Que a crise não seja calipígia


As duas reclamavam de tudo. Do som ensurdecer dos servidores estaduais da segurança, que realmente faziam uma grande muvuca no centro de Porto Alegre, do vento frio que acompanhava a chuva fina e dos pecados da estação. Olhavam-se no reflexo de um imensa janela de vidro,  só para repetir em coro que o inverno estava a destruir lhes a silhueta. “É muita massa”, constatou uma delas.  “Realmente, a massa está furiosa. Essa gente da área da segurança, quando não está acompanhando o protesto dos outros, também sabe fazer o maior bafo”, afirmou, após encolher o estômago e empinar o bumbum, que pelo volume, fora construído em invernos passados.

“Ao bafo? Fazer o que ao bafo? Estou precisando de comida sem gordura". O barulho não permitia que as moças se entendessem. Segundos depois, o sinal abriu e eu as perdi de vista em meio a multidão. O vidro da agência bancária que servira de espelho àquelas mulheres, agora refletia a correria da cidade e eu mesmo - ar cansado de final de tarde -, a refletir sobre o cotidiano agitado, tão farto de gente, e tão vazio de conteúdo.

Mas pensar na crise econômica brasileira, ou na situação da Grécia, sem filósofos ou deuses para resolver seu desiquilíbrio administrativo, não mudaria nada naquele momento. Aliás, os mitológicos deuses gregos sofriam das mesmas falhas de caráter dos mortais humanos.
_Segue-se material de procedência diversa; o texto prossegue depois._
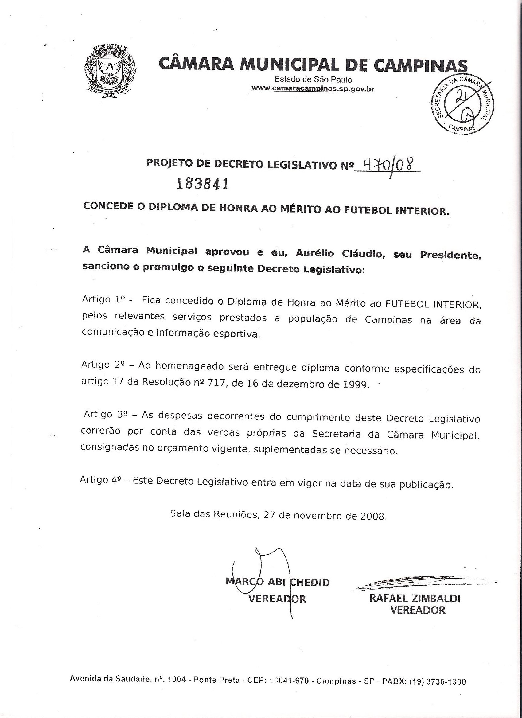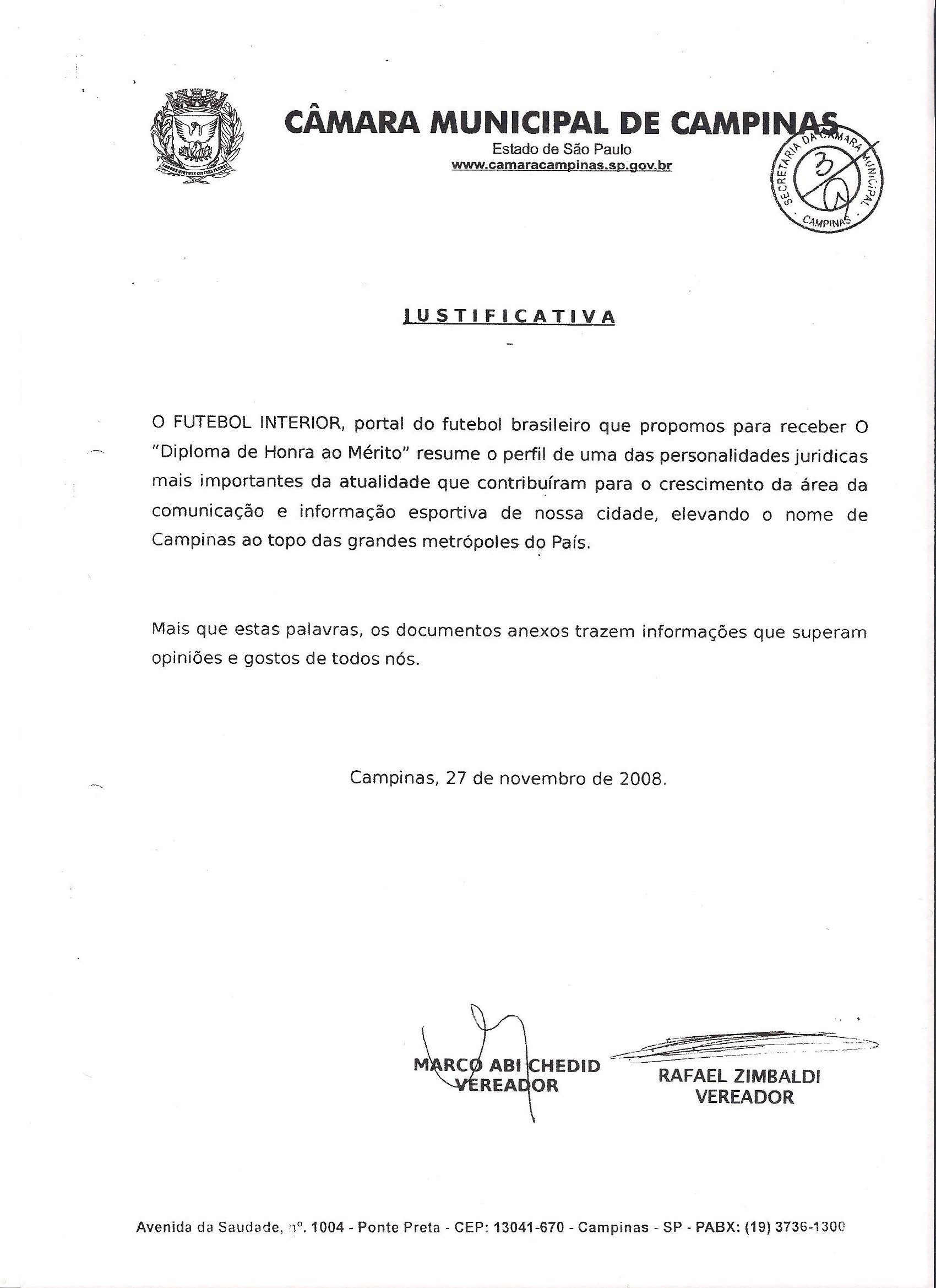 Em reunião realizada ontem, na Câmara Municipal de Campinas, após turno único de discussões, foi aprovado, em votação, a entrega do título de “Honra ao Mérito” para o site Futebol Interior, por “contribuição ao crescimento da Comunicação e informação esportiva na cidade.”

Hoje seriam perseguidos eternamente pelo FMI. Preocupar-se com o bumbum, senhores e senhoras, tem fundamento estético e filosófico, ora.

Até mesmo o grande pensador francês, Jean-Paul Sartre, disse certa vez que "a pátria, a honra, a liberdade, não existem. O universo gira em torno de um par de nádegas". Então, gurias, se a inflação devora, se o dinheiro está escasso, o Estado falido e o mundo nos olha atravessado, deixemos às mulheres, o prazer exibicionista deste olhar crítico a seus próprios dotes calipígios.

Com ou sem alimentos calóricos, dietas rigorosas ou longos exercícios. Nós, admiradores do belo, seja fofo, grande ou mignon, desde que macio, apoiamos este distraído auto-exame. Mesmo às pressas, aquele olhar fortuito à derriére, em meio ao caos urbano, nos reaviva a alma marota. Nos leva a crer que toda causa é tão justa, quanto toda calça feminina deveria ser.

Um comentário:

flávio Dutra disse...

Voto com o relator. Um calipígio bem torneado tem o seu valor.